What you have to do: Would you transcribe the entries below, beginning at the line with "其實(shí)它并不是什么魔" and ending after the line with "Blazer realizzato in", exactly, with no picture and nothing more?

Material supplied:
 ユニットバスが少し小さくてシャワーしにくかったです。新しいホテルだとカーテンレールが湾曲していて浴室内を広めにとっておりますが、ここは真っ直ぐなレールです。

* * *

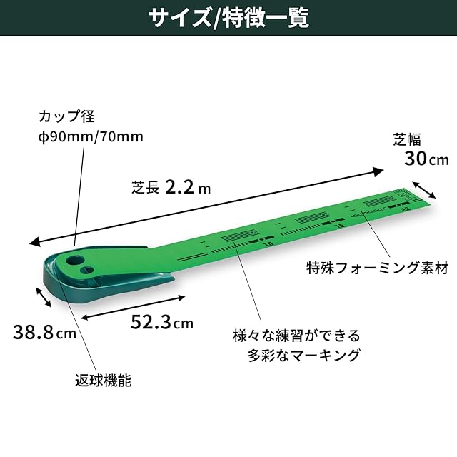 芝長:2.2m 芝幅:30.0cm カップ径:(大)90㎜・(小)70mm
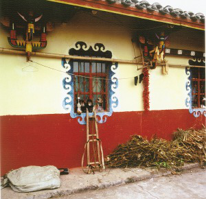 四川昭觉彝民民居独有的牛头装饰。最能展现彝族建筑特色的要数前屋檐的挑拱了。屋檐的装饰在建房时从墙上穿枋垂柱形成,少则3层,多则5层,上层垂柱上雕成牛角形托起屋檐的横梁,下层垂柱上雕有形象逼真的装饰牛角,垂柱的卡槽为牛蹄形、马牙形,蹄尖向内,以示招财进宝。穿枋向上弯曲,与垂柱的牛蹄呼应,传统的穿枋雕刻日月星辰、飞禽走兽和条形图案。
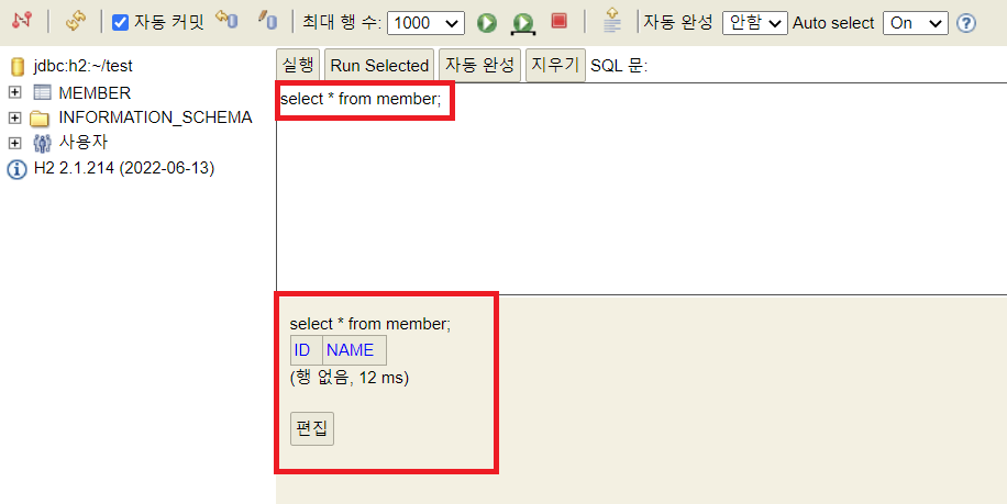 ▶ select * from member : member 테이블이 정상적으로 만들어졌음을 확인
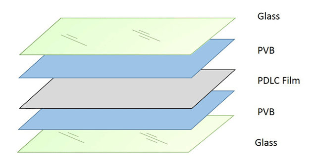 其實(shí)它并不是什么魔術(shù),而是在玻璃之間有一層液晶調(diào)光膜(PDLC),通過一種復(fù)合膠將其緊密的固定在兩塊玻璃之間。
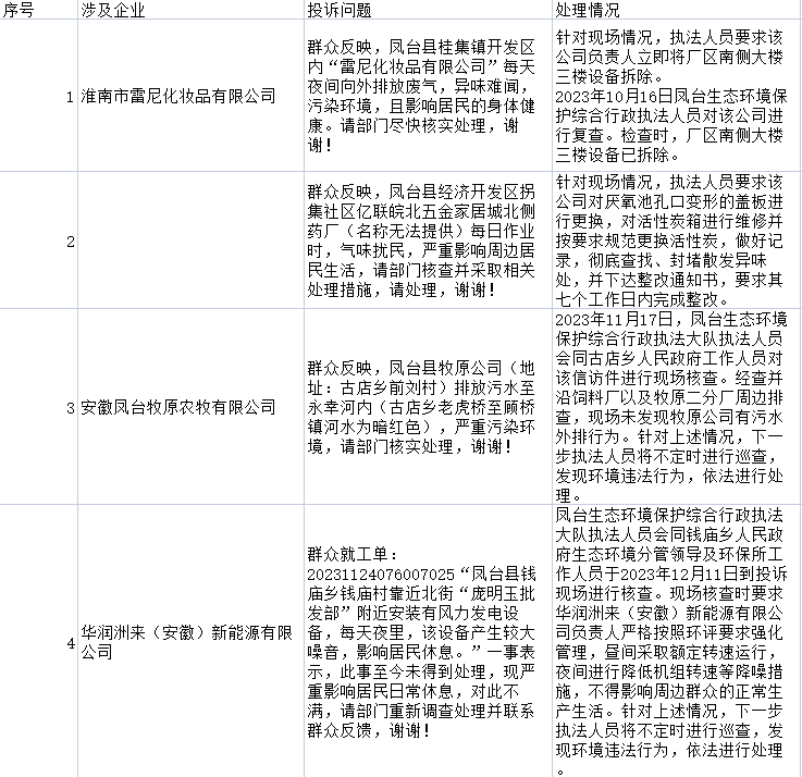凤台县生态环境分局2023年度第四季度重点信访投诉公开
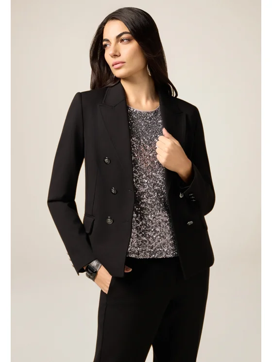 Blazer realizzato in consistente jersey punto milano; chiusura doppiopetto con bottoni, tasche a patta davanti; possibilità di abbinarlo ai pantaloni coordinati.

Written solution:
 其實(shí)它并不是什么魔術(shù),而是在玻璃之間有一層液晶調(diào)光膜(PDLC),通過一種復(fù)合膠將其緊密的固定在兩塊玻璃之間。
凤台县生态环境分局2023年度第四季度重点信访投诉公开
 Blazer realizzato in consistente jersey punto milano; chiusura doppiopetto con bottoni, tasche a patta davanti; possibilità di abbinarlo ai pantaloni coordinati.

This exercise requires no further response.